The library isn’t just a place to read. Over the years it been a quiet factory of new books, with some 300 written by authors given the space and silence to generate the words. In a magazine article, its current Warden, Andrea Russell gently hummed its praises: “Being in an environment where learning is seen as being a norm, where asking questions of yourself, of others, of the books you’re reading isn’t seen as being odd. People who want to talk about what they’re studying gives me real hope. There are times when you think, my goodness me, I don’t know what we make of any of this, but that there are people here who want to genuinely have conversations with people who they would not necessarily agree with, that all gives me hope.”

Gladstone’s original idea of a live-in library connected very much with his deeply-held Christian faith. The library sits cheek by jowl with the parish church of St Deiniol’s. Here William Gladstone devoutly attended a service every day when he was resident in the village.

Church warden Gareth Jones at Gladstone’s personal church entrance. Photo Jon Gower

My enthusiastic guide is church warden Gareth Jones, who moved to Hawarden in 1976, working as an apprentice at what was then the British Steel Corporation’s Shotton Works, which employed 11,000. He eventually became a senior manager before retiring after 43 years service and shares Gladstone’s fondness for St. Deiniol’s. Gareth explains “There has been a church here since the sixth century, when the saint planted his staff here. Gladstone even had his own porch and entrance. The carriage would bring him to a special, dedicated door, separate from the rest of the congregation.”
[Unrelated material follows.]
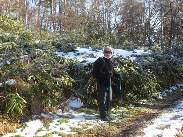 どこへ行こうかと迷い、茶臼山にしたのは雪のないあったかい山道を歩けると思ったからだったが、先週末いきなり降った雪は多かったようで、茶臼山にも予想外にたくさん積もっていた。植物園から登ろうかと話しながら行ってみたが、3月まで工事のため通行止めとの表示、有旅茶臼山登山口へ車をすすめた。

Burne-Jones windows at St. Deiniol’s, Hawarden. Photo Jon Gower

Gareth guides me around the many fascinating features of St.Deiniol’s. They include a memorial by the Gladstone family to one of their servants, Sarah Jones, who ran a busy orphanage in a building on the estate. There are some striking stained glass windows, designed by the Pre-Raphaelite Edward Burne-Jones, who was a friend of Gladstone’s and often stayed at the castle. 

Another window, the Armenian window, was gifted in gratitude for Gladstone’s trenchant speeches about the Armenian massacre. St Deiniol’s also has effigies of Gladstone and his wife, lying in “the boat of life” – even though their bodies are actually interred in London’s Westminster Abbey – as well as the funeral bier which transported his coffin on his final journey.

Gladstone Memorial Chapel. Photo Jon Gower.

One of the other notable church features is Gladstone’s own translation of his favourite hymn into Latin. One of its verses easily suggests the appeal of Augustus Toplady’s work for this incredibly hard-working politician: “Not the labour of my hands/Can fulfil Thy law’s demands;/Could my zeal no respite know,/Could my tears forever flow,/All for sin could not atone;/Thou must save, and Thou alone.’

For a man so besotted with words, and so intelligently aware of the power they can exert when properly employed, the hymn seems to capture Gladstone’s ethos of hard work as well as the simplicity of his Christian faith. Just as surely as his own words can still resonate loudly, perhaps especially now: “Nothing that is morally wrong can be politically right.” You can say that again.

Jon Gower is Transport for Wales’ writer-in-residence. He will be travelling the breadth and length of the country over the course of a year, reporting on his travels and gathering material for The Great Book of Wales, to be published by the H’mm Foundation in late 2026.